In the business world, long-term loyalty to a CEO is supposed to be a good thing. For New England supermarket chain Market Basket, however, employees’ reverent appreciation for their former chief and co-owner, Arthur T. Demoulas, has proved to be destructive to the business in the short term, causing employee and customer protests as well as a state of decision paralysis among Market Basket’s board of directors.
In June, Demoulas was ousted in the culmination of a decades-long feud with his cousin, Arthur S. Demoulas, another co-owner of the family business. Arthur S. took control of the company, which is one of New England’s most successful retail chains, the New York Times reports.
The firing infuriated Market Basket employees, who had enjoyed good wages, regular bonuses and a generous profit-sharing plan. “You had Santa Claus in charge,” supermarket industry analyst Daivd Livingston of DJL Research in Milwaukee told the Boston Globe. “Every day it was Christmas.”
Many of the company’s 25,000 employees began staging demonstrations to demand their beloved CEO’s reinstatement. Customers joined the cause, boycotting the chain. At this writing, Market Basket stores were still open, and many employees were still going to work, but the shelves were nearly empty, and customers were few.

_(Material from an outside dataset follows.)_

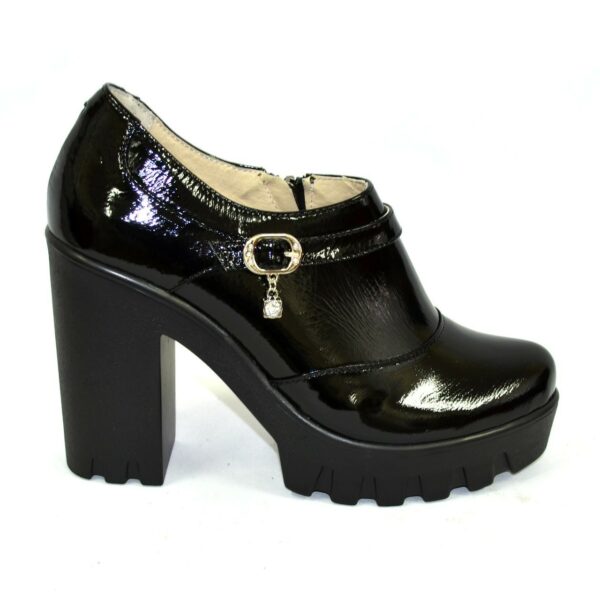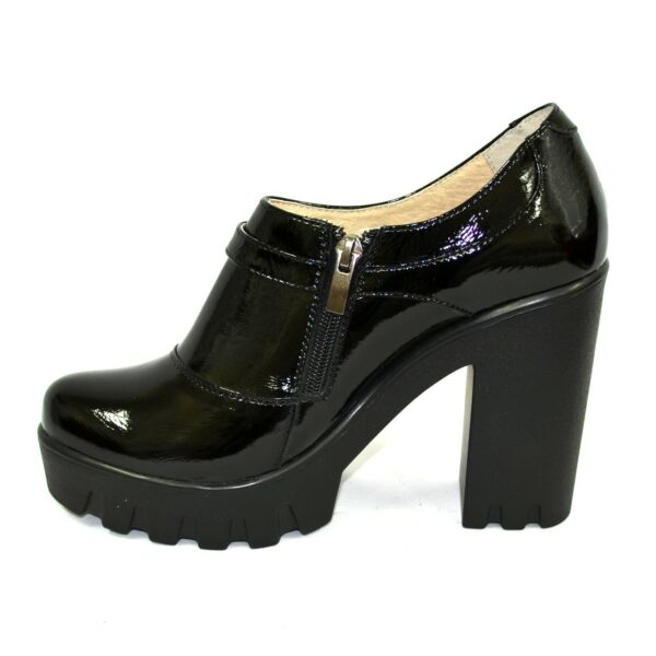 Закриті жіночі туфлі з натуральної лакової шкіри чорного кольору, на високому стійкому підборі 10,5 см, попереду 2,5 см . На блискавці. Ручної роботи з використанням виключно натуральних матеріалів високої якості. Повномірні, відповідають стандартній сітці розміру. Розраховані на стандартну повноту стегна. Можливий відшив у шкірі, замші різних кольорів.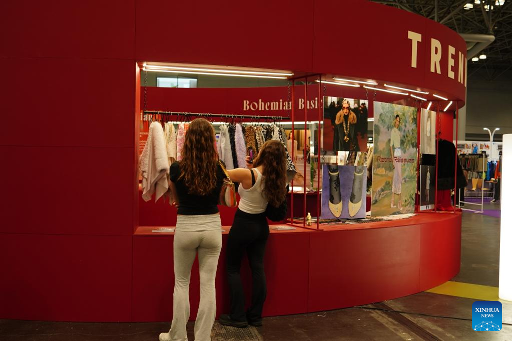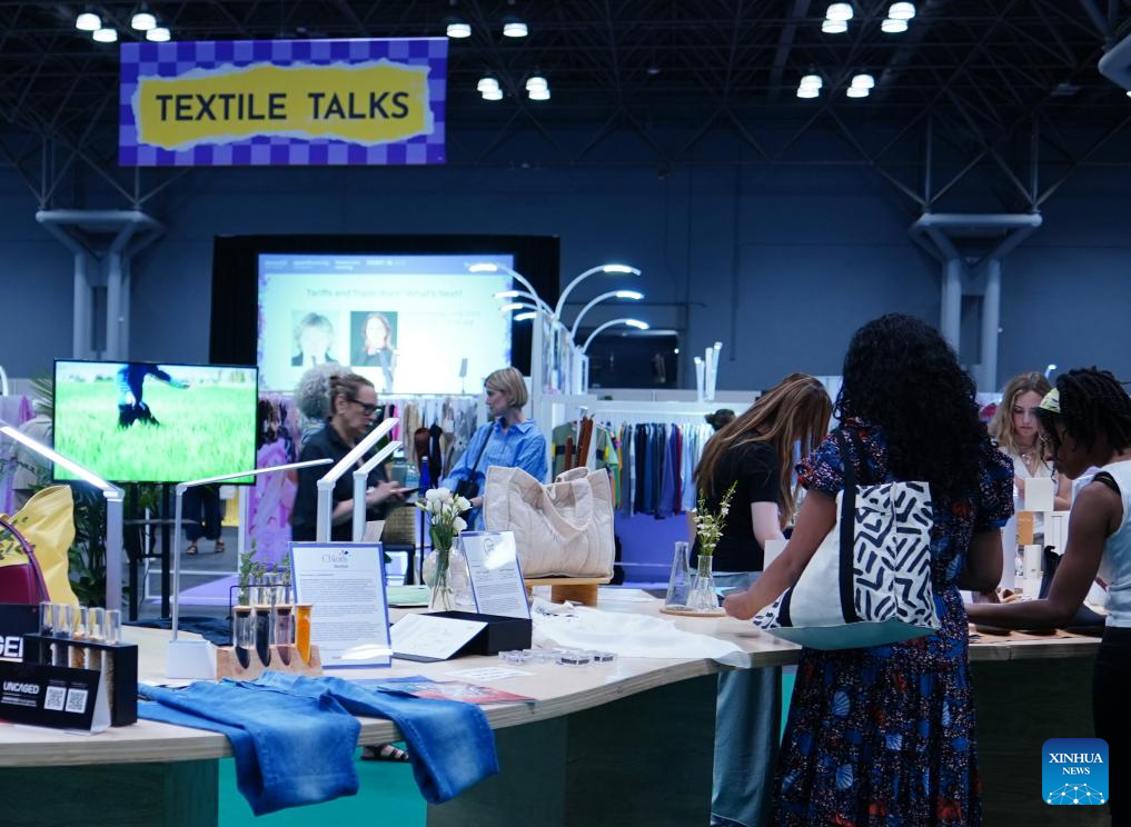 Attendees view textile samples at a display booth during Texworld NYC, the largest textile sourcing trade show on the U.S. East Coast, in New York City, the United States, on July 23, 2025. (Photo by Ada Zhang/Xinhua)

As sales plummet and the company hemorrhages money, its board is quietly negotiating with potential buyers, including the ousted Arthur T. Demoulas. He announced in July that he had bid to buy the 50.5% of the company that he and his allies in the Demoulas family do not own, according to the Times.
Some Market Basket board members reportedly believe Arthur T. is the most promising bidder because he is well positioned to rally employees and customers behind him to end the standoff. But some board members may consider his bid less appealing than other bids, which come from national supermarket chains and investment firms. Unlike these bidders, Arthur T. would need to secure financing for his purchase. Moreover, as CEO he at times made decisions that benefitted customers and employees at the expense of shareholders, a management style that could work against him in a shareholder vote on a sale.
The employee and customer actions in support of Arthur T. complicate the potential sale. If he were to urge workers and customers to end their protest, as some have called on him to do, he could lose leverage in the negotiating process and decrease his odds of winning the company. The longer the protests continue, the lower the company’s value—and the less Arthur T. and others would have to pay to take it over.
The Boston Globe has accused the Demoulas family of allowing their internal feud to cloud their judgment, noting that members are “stubbornly sticking to their positions instead of using clear-headed business judgment.” The paper has urged Massachusetts governor Deval Patrick to mediate the dispute.
Indeed, it appears mediation is urgently needed to prevent the precipitously declining company from collapsing. Market Basket has a number of good options. But to realize them, it must move beyond its past frictions and chart a more stable course for the future.